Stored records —
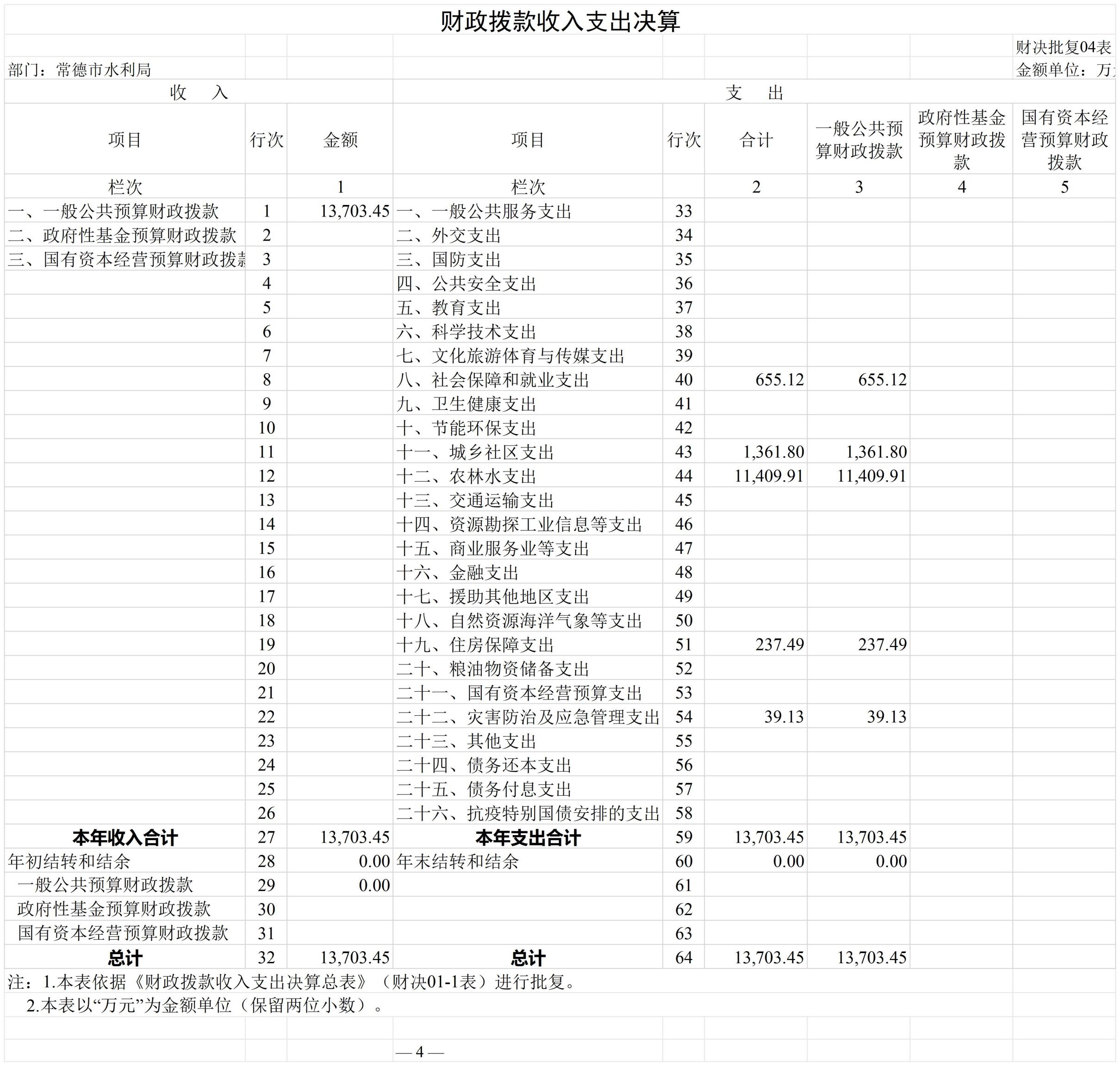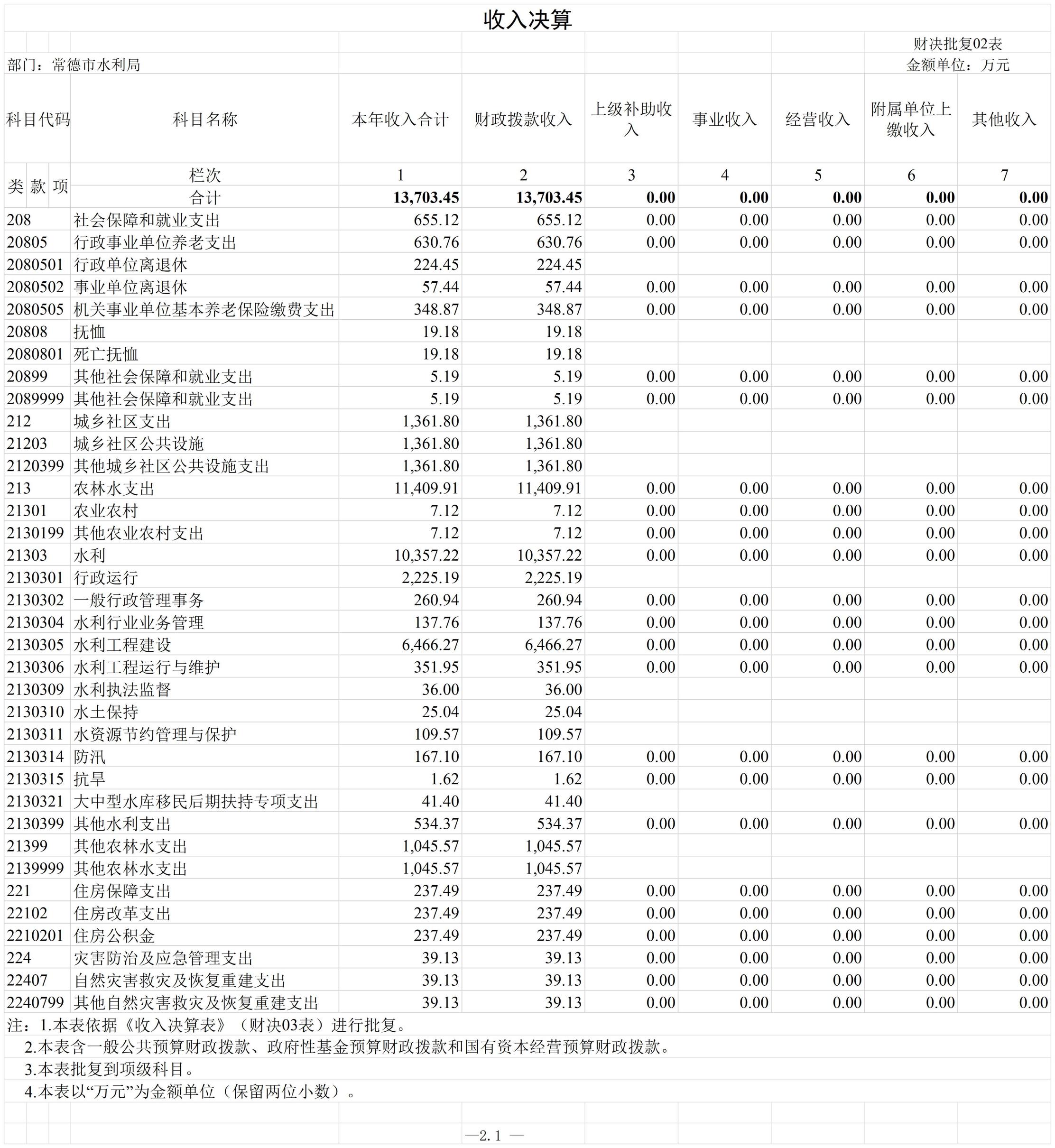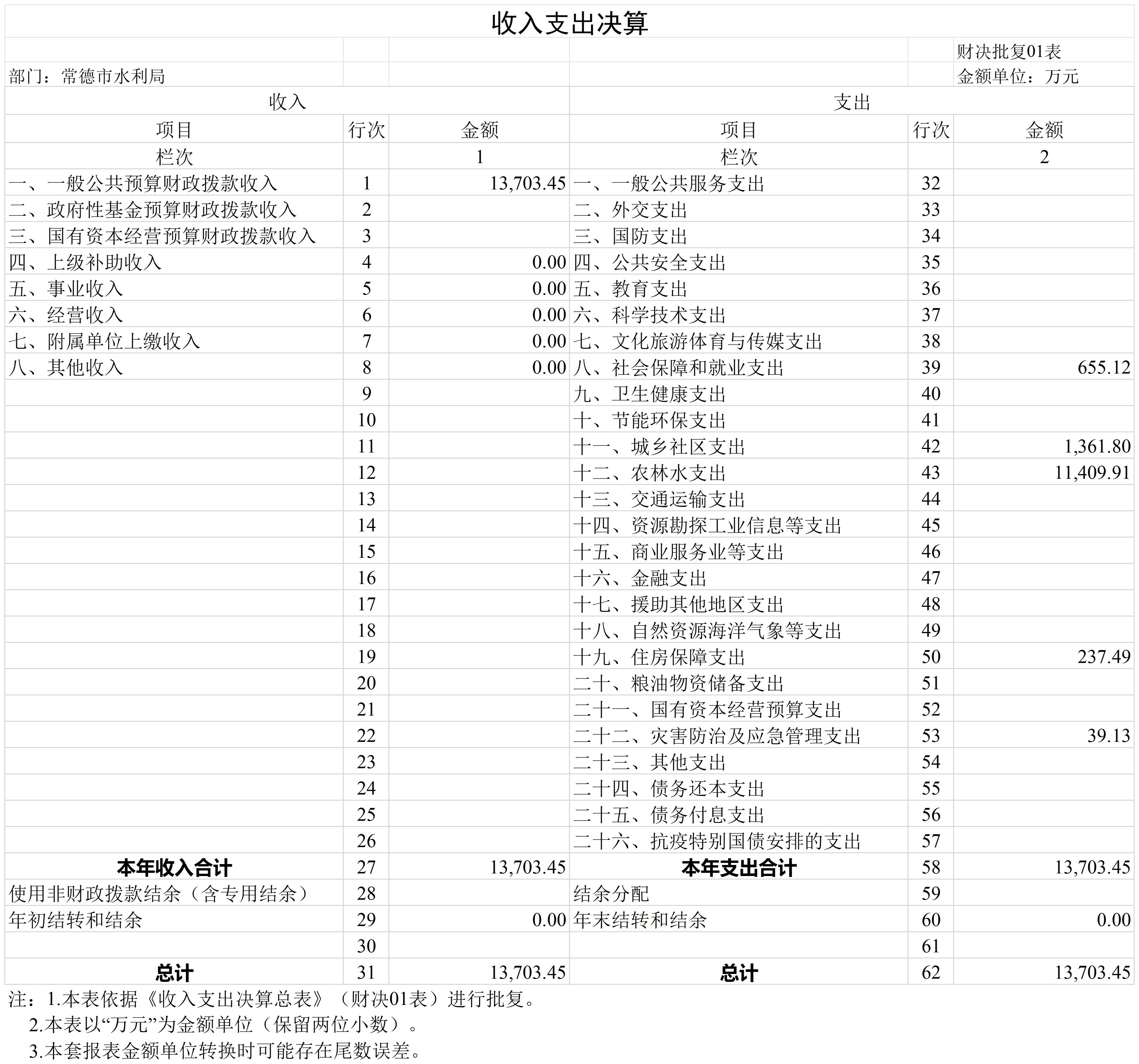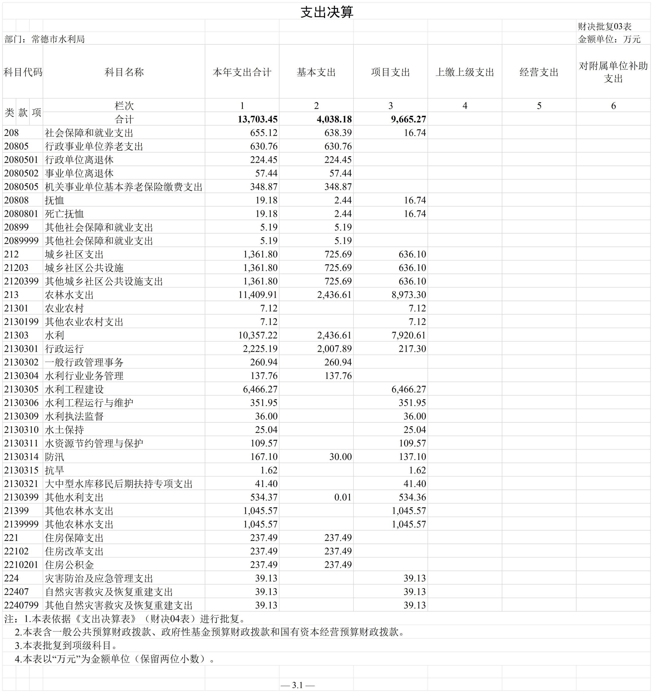 (二)决算单位构成。本单位2024年部门决算汇总公开单位构成包括:常德市水利局本级以及常德市江北城区防洪工程建设管理处与常德市城区水利泵站管理处。
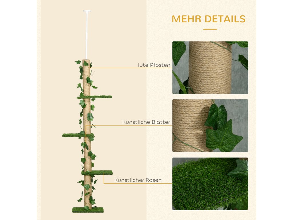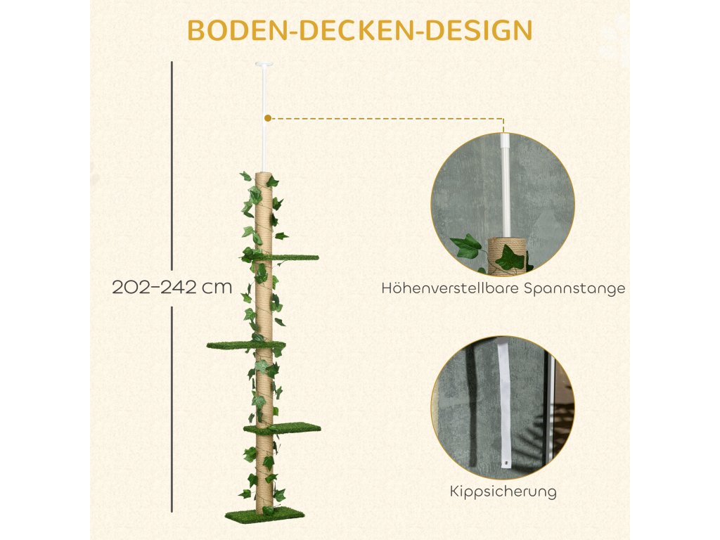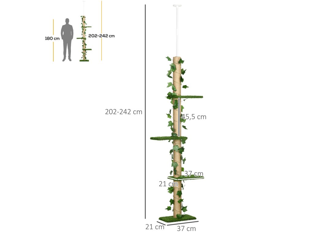 - Od podlahy ke stropu: Vysoký kočičí strom, který se pohybuje mezi 202 a 242 cm. Po utažení napínací tyče zůstává robustní a stabilní.
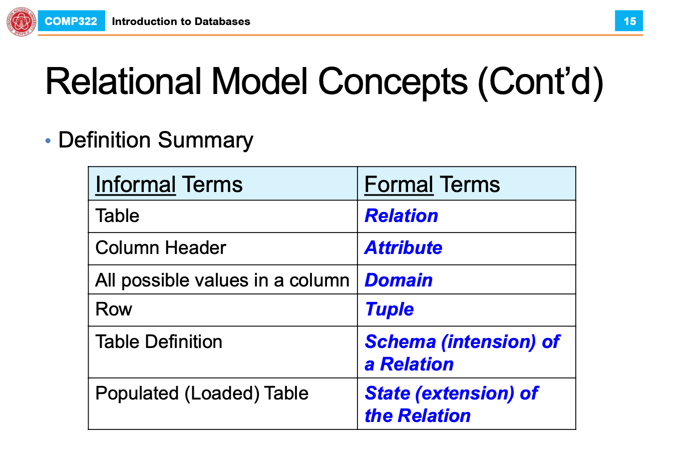 row 들의 집합으로 구성되어있다. 이 말은 Row들의 중복을 허용하지 않음을 뜻한다.
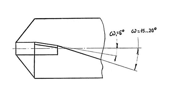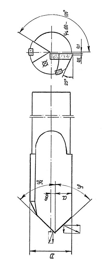 Угол наклона винтовой канавки таких сверл двойной. На режущей пластине ω1 = 6°, а за пластиной ω =15 – 20° (Рис. 58).
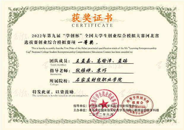 2022年第九届“学创杯”全国大学生创业综合模拟大赛河北选拔赛创业综合模拟赛项一等奖
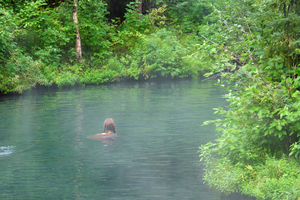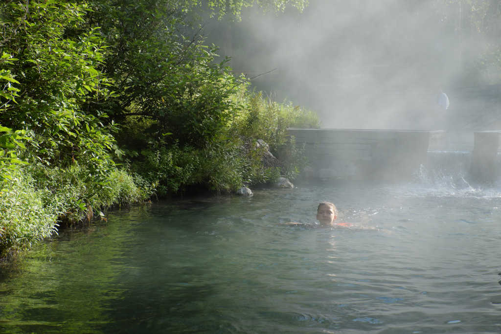 Весь день просидеть в горячей воде невозможно. Внутри скапливается столько тепла, что от него нужно как-то избавляться. В промежутках между купаниями в горячем источнике, мы остужались в ледяной реке по соседству.
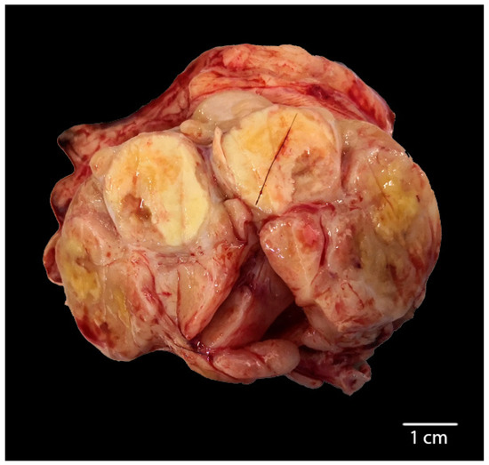 Cutting surface from the laryngeal region of the horse tumor sampled during the post-mortem analysis. A white to yellowish multilobular mass, located at the basis of the larynx, is partially ulcerated and shows multifocal central necrotic areas.
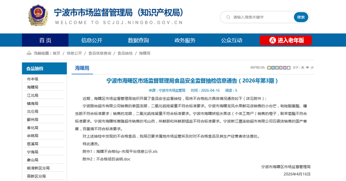 宁波市海曙区市场监督管理局食品安全监督抽检信息通告(2026年第3期)
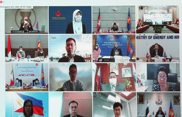 Đại biểu các quốc gia ASEAN them dự Hội nghị Bộ trưởng ASEAN về Khoáng sản lần thứ 8 theo hình thức trực tuyến. Ảnh chụp màn hình/TTXVN |
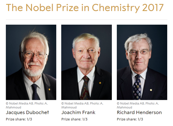 ▲2017年的諾貝爾化學(xué)獎授予三位開(kāi)發(fā)冷凍電鏡技術(shù)的科學(xué)家(圖片來(lái)源: The Nobel Prize in Chemistry 2017. NobelPrize.org. Nobel Media AB 2021. Thu. 13 May 2021. )
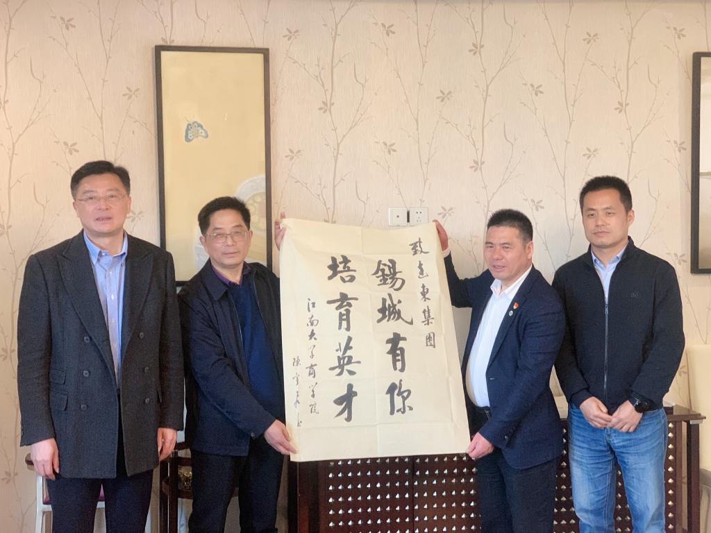 浦徐进代表beat365在线唯一官网作了专题汇报交流,他从科研突破、人才培养、社会服务等方面,向远东集团领导们汇报了学院在建设发展中取得的主要成果,对远东集团在beat365在线唯一官网设立“远东奖教金”“远东奖(助)学金”、并慷慨募捐表示感谢,对学院所取得的资助成果进行了展示。他说,远东集团于2007年设立“远东奖(助)学金”以来,beat365在线唯一官网累计有150余名优秀学生获得奖助;于2016年设立“远东奖教金”以来,beat365在线唯一官网累计有19名教师获此殊荣。他充分肯定了远东集团对学院师生发展、校园文化育人等方面所作出的突出贡献与深远影响,希望beat365在线唯一官网在新时代携手远东集团,继续在产学研合作、数字化转型研究、教学实习基地建设、深化推进育人项目等方面深度合作,共赢未来。徐锡清、浦徐进还代表beat365在线唯一官网全体师生,向远东集团赠送了我院教师编写的《市场营销学》《供应链模式创新》等十部近作,以及我院工业1801班学生陈宇飞书写的书法作品“锡城有你、培育英才”,蒋锡培主席欣然接受。
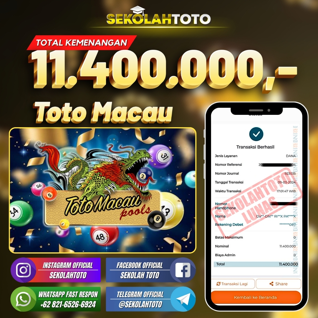 BUKTI JACKPOT PASARAN TOTO MACAU 13 Maret 2024 Posted by kepsektoto Toto Macau Sabtu, 09 Maret 2024 RP. 11.400.000,- Selamat Kepada Pemenang. Salam JP, Sekolahtoto ! Updated: 13 Maret 2024 at 23:44 ◀ BUKTI JACKPOT SLOT GAMES BUKTI JACKPOT PASARAN ARAB SAUDI ▶

DESCRIPTION OF THE TASK — Without the pictures, give again exactly the lines above starting at the line containing "Угол наклона винтовой" and ending at the line containing "Đại biểu các".

COMPLETED TASK —
 Угол наклона винтовой канавки таких сверл двойной. На режущей пластине ω1 = 6°, а за пластиной ω =15 – 20° (Рис. 58).
 2022年第九届“学创杯”全国大学生创业综合模拟大赛河北选拔赛创业综合模拟赛项一等奖
 Весь день просидеть в горячей воде невозможно. Внутри скапливается столько тепла, что от него нужно как-то избавляться. В промежутках между купаниями в горячем источнике, мы остужались в ледяной реке по соседству.
 Cutting surface from the laryngeal region of the horse tumor sampled during the post-mortem analysis. A white to yellowish multilobular mass, located at the basis of the larynx, is partially ulcerated and shows multifocal central necrotic areas.
 宁波市海曙区市场监督管理局食品安全监督抽检信息通告(2026年第3期)
 Đại biểu các quốc gia ASEAN them dự Hội nghị Bộ trưởng ASEAN về Khoáng sản lần thứ 8 theo hình thức trực tuyến. Ảnh chụp màn hình/TTXVN |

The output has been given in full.